I realize that those things are easy enough to say, but the devil is in the details. I've actually gone so far as to prototype the implementation, so I'm confident that those goals are achievable. Unfortunately, it's a pretty significant effort (mostly due to the breadth of project types/languages to support and the nuance/expertise required to support any of them), so I'm bound by free time. If anyone is interested in collaborating or discussing more in-depth, hit me up on Twitter @weberc2 or email me (username at gmail.com).

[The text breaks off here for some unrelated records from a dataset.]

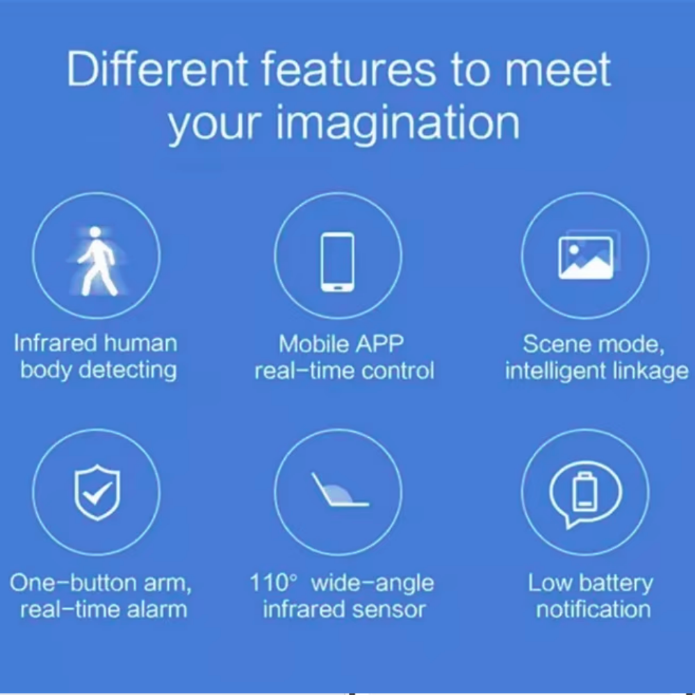 Infrared motion sensing, real-time app control, and smart scene automation — featuring a 110° wide-angle sensor, instant alarms, and low-battery alerts for reliable home protection.
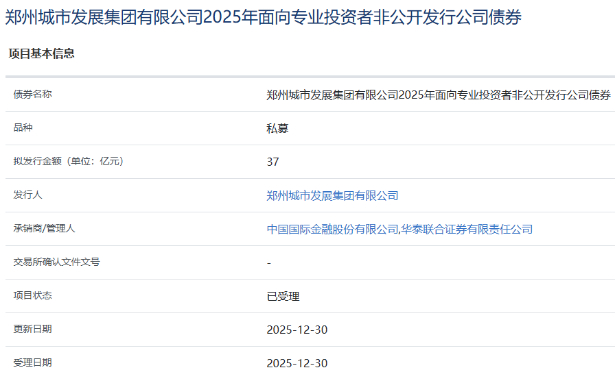 【大河财立方消息】12月30日,郑州城市发展集团有限公司2025年面向专业投资者非公开发行公司债券项目获上交所受理。债券拟发行金额37亿元,承销商/管理人为中金公司、华泰联合证券。2025年6月19日,经联合资信综合评定,发行人主体信用评级为AAA,展望稳定。
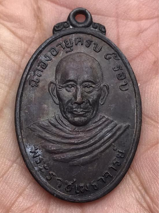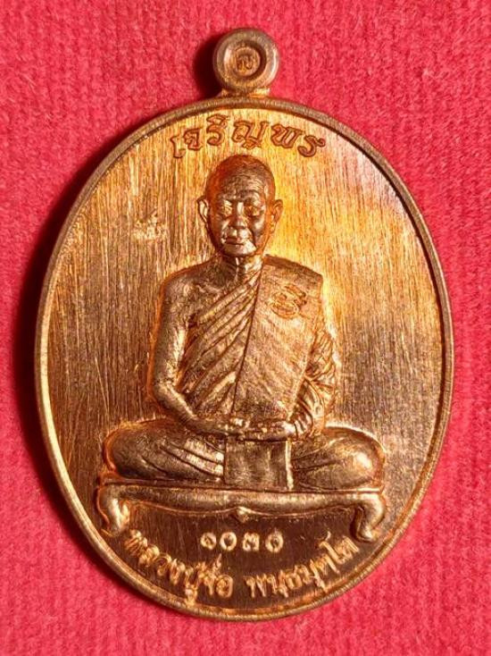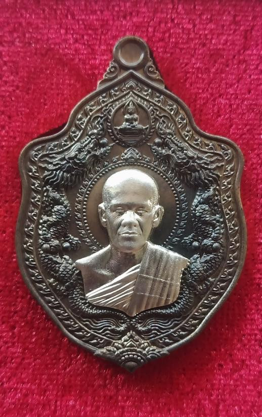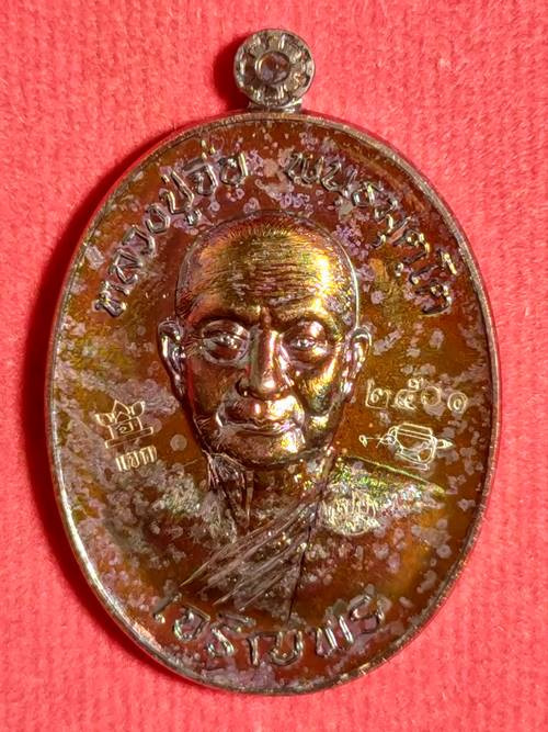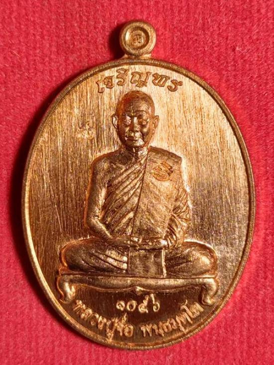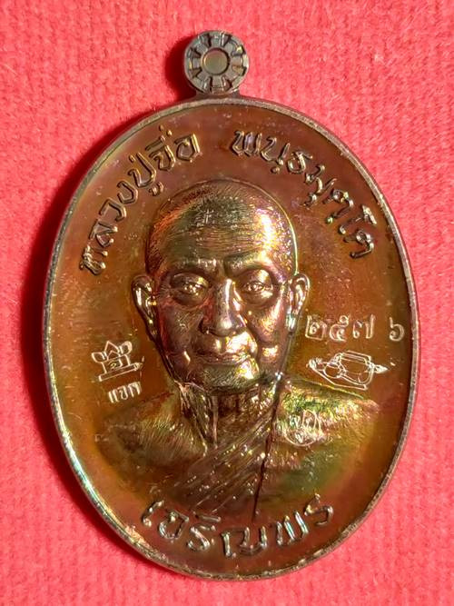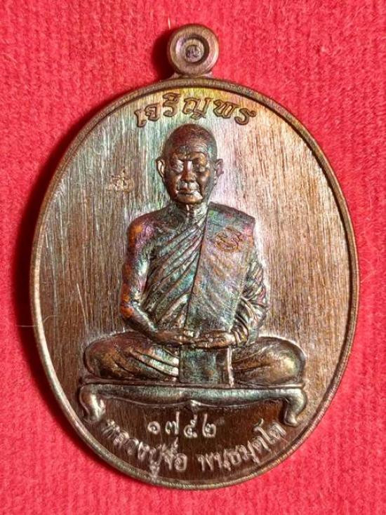 เหรียญเลื่อนสมณศักดิ์ หลวงพ่อทอง วัดพระพุทธบาทเขายายหอม จ.ชัยภูมิ เนื้อทองแดงรมมันปู ผิวรุ้งสวย

cross building is even worse with many repos. I've been there, done that and it broke so often. now we have everything in one repo and we barly have problems. btw. we are a small shop with less than 5 people, but have a product on metal that requires multiple services (that sometimes interact with each other)

we don't use bazel (yet), because dotnet is not that supported.

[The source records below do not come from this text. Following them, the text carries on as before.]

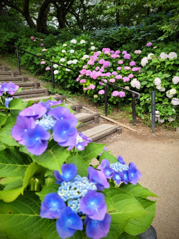 公園に、紫陽花のお花が綺麗に咲いていました。
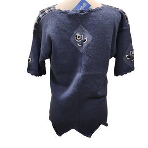 Capacity Women's Blue Scalloped Short Sleeve Sweater Petite Large Grande NWT Knit
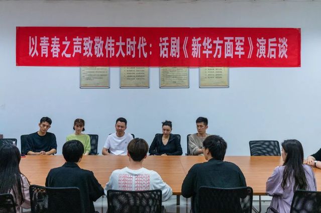 演出結(jié)束后,校學(xué)生干部代表和劇中主要演員在圖書館B201開展了以青春之聲致敬偉大時(shí)代:話劇《新華方面軍》演后談,學(xué)生們紛紛表示,劇中很多臺詞都很令人感動??箲?zhàn)時(shí)期,在炮火連天的戰(zhàn)場上,報(bào)人敢于報(bào)道真相的執(zhí)著和勇氣讓人欽佩,他們并非天生就是英雄,卻在屢經(jīng)撲打后巍然屹立,這正是理想和信仰的力量。
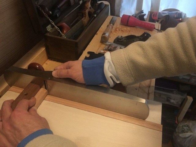 The bench hook (in Italian we could name it tavola per segare) is a support on which to easily cut pieces of small dimensions. They can be built in pairs so as to allow greater stability of the piece, especially if this is of long dimensions. As for the shooting board, the bench hook can be made in various shapes and sizes and provide some options that increase the versatility of use. In its basic version it looks like a board on which two fences are inserted. A lower batten that serves as a stop and a top fence that can provide the ability to make cuts even at 45 degrees. Below I report how I made my board.Material and measures: plywood base, length 42 cm. width 30 cm. 2 cm thick; top fence in pine wood, length 36 cm. width 4 cm. 4 cm thick; lower batten in hard wood, length 42 cm. width 2 cm. 2 cm thick. The realization is very simple.In the base in plywood (you can also use MDF, always better than solid wood for reasons of non-deformability) I made a groove a few millimeters deep and about 3 cm. from the edge where I inserted the fence, which I then glued and screwed in several places. You can proceed just with the glue up or just with only screwing the base (in my case the screws are placed under the base of the board). For greater stability I still preferred to combine the two things. The fence is made of pine (but it is preferable to use hardwood) and deliberately shorter than the base to allow sawing also externally and in support of the fence .In the fence, I then practiced with the tenon saw two cuts in opposite directions and 45 degrees to make oblique cuts and a perpendicular cut for straight cuts. It is preferable to make the guide cuts with the same saw that you plan to use normally later. It is not essential that the guide cuts are absolutely precise because they will still be finished later on the shooting board. The guide cuts must be made up to the base of the board. As the fence is glued and screwed under the base, the sections of the cut-out stop will not move from their seat once sawn. Finally I glued and screwed under the base a strip of hardwood that acts as a stop for putting in the bench vice or against the side of the bench eventually adding a strip of abrasive paper to increase the grip. Working is very simple. The lower stop is clamped in the vice and the piece to be cut is placed in correspondence with the upper fence. Insert the saw into the desired cutting site and proceed with sawing. During the action we try to keep the piece firmly and adhering to the fence and to cut as straight as possible, always keeping inside the cutting guide. Over time it is normal for the base to be worn near the guide cuts and gradually cut. However, this does not compromise the functionality of the board in any way but, for this reason, it is good practice to provide an abundant thickness of the board.
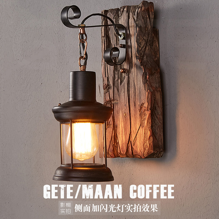 빈티지 쿨 크리에이 티브 LED 나무 벽 램프 레스토랑 카페 바 통로 복도 램프 오래 된 빈티지 벽 램프스토어 가기
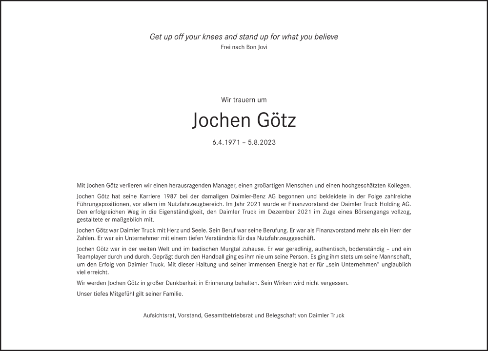 Hier finden Sie alle Traueranzeigen aus der Zeitung, die bisher für Jochen Götz erschienen sind. Weitere Traueranzeigen, die in der Zeitung erscheinen, werden hier ebenfalls aufgelistet

I am sure you will when you will end up working in a huge organization with intricated and heterogeneous projects/teams interdependencies.

You will soon experience:

- dependencies hell due to transitive and conflicting dependencies

- one back-incompatible change in some obscure library end up breaking some other unknown service that happens to transitively depend and it

- the entire codebase will become a mess due to inconsistent code styles and formatting because hey we are developers and we can never agree on anything. Thus each team lead will have its own opinion

- each team will have to maintain its own CI/CD jobs

- heterogeneous builds: maven, node, sbt, webpack, etc ...

the list goes on ...

All (or most of) this mess is solved by centralizing the codebase in a monorepo.

Yeah, I imagine the test is “do you need those things badly enough to dedicate a large portion of a team’s capacity”?
Nix also exists...
Nix is not (yet) suitable for fine-grained (read file level) build targets though due to lack of recursive nix and content addressed store. This means you don't have early cut off and mass rebuilds if only one file changes; for example. Both are being worked on actively though.
If I understand it correctly (unlikely), Nix has the degree of purely-functional rigor necessary to do this correctly, right? Sounds like it would eventually be awesome for Bazel usecases.
Nix isn't great as a build system, because it throws a lot out and rebuilds everything when something changes. It's intended to get a correct, isolated package installed, not to maximize sharing.

Bazel goes through great pains to only rebuild the minimum necessary for correctness. It's able to do that because bazel build files get a lot more information about the source level dependencies than a Nix file does

I've only experienced issues when using bazel with third party package management systems. If you can own all of your source it, and it's descendants, are easily my favorite build systems. It's features complement modern software development in a very ergonomic way: uniform build language, API for learning about your source, testing your entire code base in every language with one command, hermetic and reproducible builds, distributed builds, and caching I can actually trust.

Using Bazel with external packages on the other hand is one of the most tedious and frustrating endeavors imaginable. If you can vendor all of your source it's much less frustrating. This is extremely manageable in the C and C++ worlds where there aren't really any package mangers and you end up needing to do that anyway.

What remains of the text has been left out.